SOURCE MATERIAL Block Start

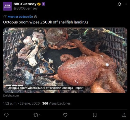 Para entenderlo hay que remontarse a 2025, cuando los pescadores que faenan en las costas del sur de Reino Unido se encontraron con una estampa inesperada: en las nasas que llevan generaciones instalando para cazar cangrejos y langostas empezaron a aparecer conchas vacías… una pista de la presencia de pulpos.
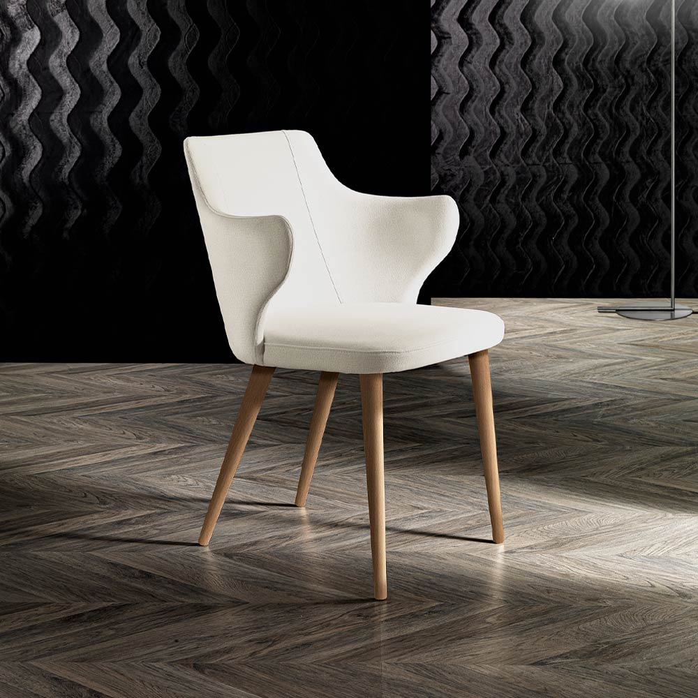 Transform your dining room into a more comfortable and elegant space with the modern armchair with a seat covered in easy-to-clean crystal fabric and available in different colour variants:
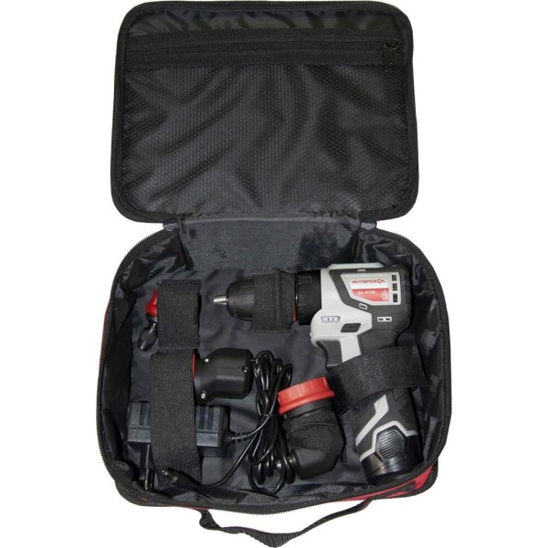 2 аккумулятора, патрон, эксцентриковая насадка, зарядное устройство, угловая насадка, HEX насадка, сумка

SOURCE MATERIAL Block End

**INSTRUCTIONS FOR THE TASK:** What the answer must hold is the exact text of every line from the one containing "Transform your dining" through the end of the data, minus any pictures.

**REPLY:**
 Transform your dining room into a more comfortable and elegant space with the modern armchair with a seat covered in easy-to-clean crystal fabric and available in different colour variants:
 2 аккумулятора, патрон, эксцентриковая насадка, зарядное устройство, угловая насадка, HEX насадка, сумка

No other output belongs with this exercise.